EXERCISE REQUIREMENTS >> Could you print exactly the lines from the one that contains "墻上的櫥柜打破了廚房的格局,完成了整個房" to the end of the data, both ends included, and nothing else? Skip the pictures.

DATASET RECORDS >>

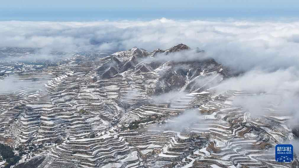 这是10月17日在甘肃永靖县陈井镇拍摄的雪后梯田(无人机照片)。
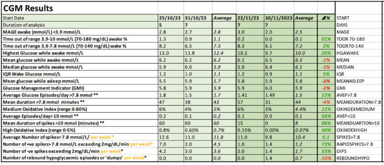 - Proportion of awake time where glucose exceeds 7.8 mmol/L or is below 3.9 mmol/L
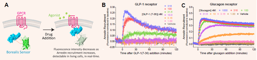 Fluorescent arrestin biosensor (Borealis) (A) directly quantifies arrestin interaction with unmodified GLP-1-R (B) and Glucagon-R (C) in HEK cells.7 Arrestin recruitment to GIP-R was not detectable.
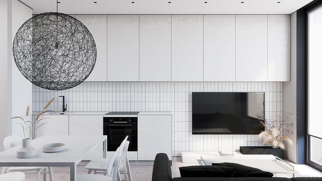 墻上的櫥柜打破了廚房的格局,完成了整個房間的寬度。同樣,白色瓷磚的廚房后擋板也成為了電視墻的裝飾。燈光單位和瓷磚消失在一個大膽的黑色烤箱和黑色電視屏幕的平衡后面。
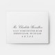 Custom A2 wedding response card envelopes feature an elegant script name and classic block font return address text that can be personalised. Black and white colour scheme can be modified.
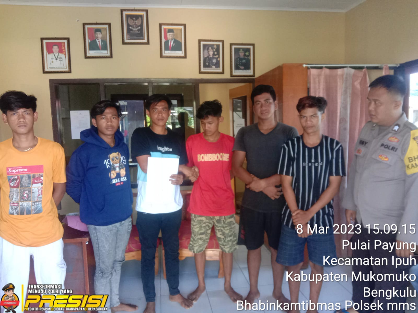 Kapolsek Mukomuko Selatan Iptu Firman Syahputra,S.H,M.H, didampingi Bhabinkamtibmas Briptu Febi Agus kemudian mempertemukan kedua belah pihak yang bermasalah, dengan didampingi oleh orang tuanya masing-masing untuk menyelesaikan masalah tersebut.

SOLUTION TO THE PROBLEM >>
 墻上的櫥柜打破了廚房的格局,完成了整個房間的寬度。同樣,白色瓷磚的廚房后擋板也成為了電視墻的裝飾。燈光單位和瓷磚消失在一個大膽的黑色烤箱和黑色電視屏幕的平衡后面。
 Custom A2 wedding response card envelopes feature an elegant script name and classic block font return address text that can be personalised. Black and white colour scheme can be modified.
 Kapolsek Mukomuko Selatan Iptu Firman Syahputra,S.H,M.H, didampingi Bhabinkamtibmas Briptu Febi Agus kemudian mempertemukan kedua belah pihak yang bermasalah, dengan didampingi oleh orang tuanya masing-masing untuk menyelesaikan masalah tersebut.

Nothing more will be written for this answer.